Araştırmaya göre araştırmacılar “hesaplamalı işlevselci” bir bakış açısı benimsiyor. “İşlevselcilik” bilincin bir işlevi olan, yani belirli bir amacı olan bir şey olduğu anlamına gelir. Bu bağlamda “hesaplamalı” kelimesi, bilincin işlevinin, genellikle duyusal izlenimlerden elde edilen bilgilerin işlenmesi olduğu anlamına gelir. Bu tezin doğrudan bir sonucu, bilincin yalnızca biyolojik beyinle sınırlı olmadığıdır. İkinci bir çıkarım ise bilincin bilgisayarda simüle edilebileceğidir.

Daha yakından incelendiğinde yazarların bu hipotezi desteklemesi şaşırtıcı değildir. Araştırmanın baş yazarı filozof Patrick Butlin, yıllardır insanlığa yönelik “varoluşsal tehditleri” araştıran Oxford İnsanlığın Geleceği Enstitüsü’nün bir üyesidir.

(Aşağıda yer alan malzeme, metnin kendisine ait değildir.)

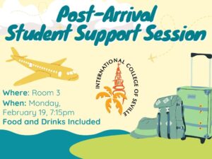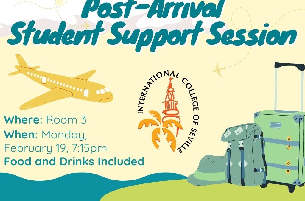 • This Monday will be our Student Support Seminar on Cultural Adaptation. It will take place from 7 – 8, in Room 3 of the ICS.
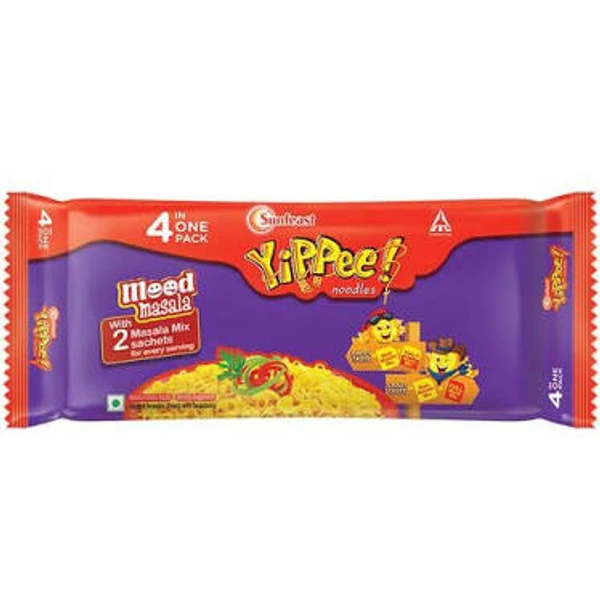 Sunfeast Yippee Noodles Mood Masala is the instant snack for those instant cravings you have. Packed with two masala blends to satisfy every mood and palate. We understand that it might be challenging to keep track of your constantly shifting moods, so we've provided a snack that will work for all of them. Simply add the main masala mix, followed by the mood mix of your choice, and presto! You have a tasty bowl of instant noodles tailored to your specifications. This snack is created with delicious Indian spices that harmoniously blend to give you that well-known masaledaar flavour, making it never bland or monotonous. Unique round block packaging guarantees that your noodles will always be long, non-sticky, and slurp able. Considering inviting some guests around for dinner or hoping to surprise the family with a quick meal? No issue! Yippee! The meal to cook for a snack is mood masala instant noodles. Delicious and simple to cook. Enjoy them as a delectable evening snack, a midnight nibble to satisfy a need, or a full meal when you're in the mood for something different. Easy to prepare boil the noodles and ass the masalas. Add tastemaker and ½ Mood masala for a mild taste, and full packet for a crazy, spicy taste. For those who like to experiment with food according to their mood. Thus, you can choose how spicy your noodle is, which makes these brand-new Sunfeast mood masala noodles superior to conventional noodles. You can enjoy your bowl of Sunfeast noodles with the ordinary masala mix instead of the mood masala mix if you're not in the mood. So, shop now only on Big Basket and have it delivered to your home and make snacking fun. Available in many sizes so can be enjoyed by all. Single pouch to enjoy those solo movie nights or multipack to enjoy with friends and family. There is a size for every occasion. Thus, with only a few clicks of the mouse, you can get all your kitchen necessities from BigBasket at fantastic prices, and the items will be delivered safely the following day.

Diğer şeylerin yanı sıra, Silikon Vadisi liderlerinin, “insan benzeri yeteneklere sahip yapay zeka sistemlerinin toplum ve insanlık için büyük bir risk oluşturması” nedeniyle büyük dil modellerinin geliştirilmesine altı ay süreyle ara verilmesi çağrısında bulunduğu açık bir mektup başlattı.

Çalışmanın fikir yaratıcısı ve orijinal başlatıcısı, etkili fedakarlığın arkasındaki entelektüellerden biri olan İngiliz filozof Nick Bostrom’dur. Belge yalnızca bu nedenle reddedilemez. Ancak bu kısa ve zorunlu olarak eksik genel bakış, kendi başına bilinç ve bilgisayarlardaki bilinç tartışmasının makalede tartışılandan çok daha karmaşık ve geniş olduğunu göstermektedir. Kabaca söylemek gerekirse şunu söyleyebiliriz: Yazarlar, özenle seçilmiş sorunun zaten doğasında olan sonuçlara ulaştılar.